Q4~5: Tempo estimation using autocorrelation tempogram

In this task, we use autocorrelation tempogram to perform tempo estimation.

$ python3 Q4-5.py

+---------------+---------+--------+--------------+--------------+--------------+------------+------------+------------+
|     Genre     | P-score | ALOTC  | 1/2T P-score | 1/3T P-score | 1/4T P-score | 2T P-score | 3T P-score | 4T P-score |
+---------------+---------+--------+--------------+--------------+--------------+------------+------------+------------+
|   ChaChaCha   |  0.5064 | 0.9820 |    0.3512    |    0.0000    |    0.0000    |   0.1333   |   0.0000   |   0.0000   |
|      Jive     |  0.4544 | 0.9333 |    0.0000    |    0.0077    |    0.0000    |   0.5022   |   0.0000   |   0.0204   |
|   Quickstep   |  0.4331 | 0.8780 |    0.0000    |    0.0000    |    0.0000    |   0.4717   |   0.0114   |   0.0241   |
|     Rumba     |  0.4533 | 0.9184 |    0.4554    |    0.0000    |    0.0048    |   0.0099   |   0.0000   |   0.0000   |
|     Samba     |  0.3885 | 0.7674 |    0.4262    |    0.0000    |    0.0400    |   0.0210   |   0.0000   |   0.0000   |
|     Tango     |  0.5144 | 0.9535 |    0.2381    |    0.0000    |    0.0000    |   0.2021   |   0.0000   |   0.0000   |
| VienneseWaltz |  0.5071 | 0.9077 |    0.0445    |    0.0000    |    0.0000    |   0.2104   |   0.1377   |   0.0000   |
|     Waltz     |  0.2908 | 0.5364 |    0.3277    |    0.0313    |    0.0609    |   0.0000   |   0.0037   |   0.0000   |
+---------------+---------+--------+--------------+--------------+--------------+------------+------------+------------+

Q6: Tempo estimation by combine frequency and periodicity

This task the teacher ask us to find de wae to improve and outperform the above method.

How to improve?

Histogram of the most two probable tempo using Fourier tempogram:

Histogram of the most two probable tempo using autocorrelation tempogram:

As you can see, Fourier tempogram is easily to produce tempo which is multiple of the true tempo; on the other hand, autocorrelation tempogram is easily to produce tempo which is one half of the true tempo. So I decide to combine the two tempograms together, let each one supress others unwanted value and reserved the most probable one.

How to do?

And intuitive way to do it is mapping tempograms to the same domain, then multiply together. The implementation detailed is similar to this paper.

$ python3 Q6.py

+---------------+---------+--------+
|     Genre     | P-score | ALOTC  |
+---------------+---------+--------+
|   ChaChaCha   |  0.4962 | 0.9910 |
|      Jive     |  0.5229 | 0.9667 |
|   Quickstep   |  0.3957 | 0.8293 |
|     Rumba     |  0.4061 | 0.8776 |
|     Samba     |  0.3617 | 0.7326 |
|     Tango     |  0.6069 | 0.9884 |
| VienneseWaltz |  0.4444 | 0.8000 |
|     Waltz     |  0.4546 | 0.8091 |
+---------------+---------+--------+

The result shows that some genres have been improved, but some are not.

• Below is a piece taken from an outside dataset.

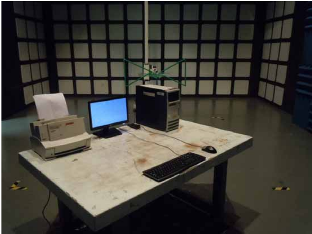
SETUP WITH MAXIMUM DETECTED EMISSION AT HORIZONTAL POLARIZATION (TEST MODE: D-SUB 1366*768@60Hz ADAPTER #2)

Q7: Beat tracking using dynamic programming

In this task, we also use the same dataset to perform beat tracking. The algorithm we used is describe here. I used CFP method to compute the tempo that can be used by the algorithm.

The program will output the precision, recall and f-score evaluate with tolerance of +-70 ms on each genre.

$ python3 Q7.py

+---------------+-----------+--------+----------+
|     Genre     | Precision | Recall | F-scores |
+---------------+-----------+--------+----------+
|   ChaChaCha   |   0.6381  | 0.9792 |  0.7727  |
|      Jive     |   0.9386  | 0.8072 |  0.8680  |
|   Quickstep   |   0.9262  | 0.6444 |  0.7600  |
|     Rumba     |   0.5558  | 0.9378 |  0.6979  |
|     Samba     |   0.4332  | 0.8356 |  0.5706  |
|     Tango     |   0.8807  | 0.9154 |  0.8977  |
| VienneseWaltz |   0.9132  | 0.6732 |  0.7750  |
|     Waltz     |   0.5526  | 0.8018 |  0.6543  |
+---------------+-----------+--------+----------+

Down beat tracking

This is a bonus question, and I just do some trial and error to see what will happen. I used the beats in Q7 to construct a bidirectional spectral flux novelty curve in beat level, and use the same algorithm in Q7 to find the path of downbeat with fix period of 4 samples (which means I assume the beats are isometric and have time signature of 4/4).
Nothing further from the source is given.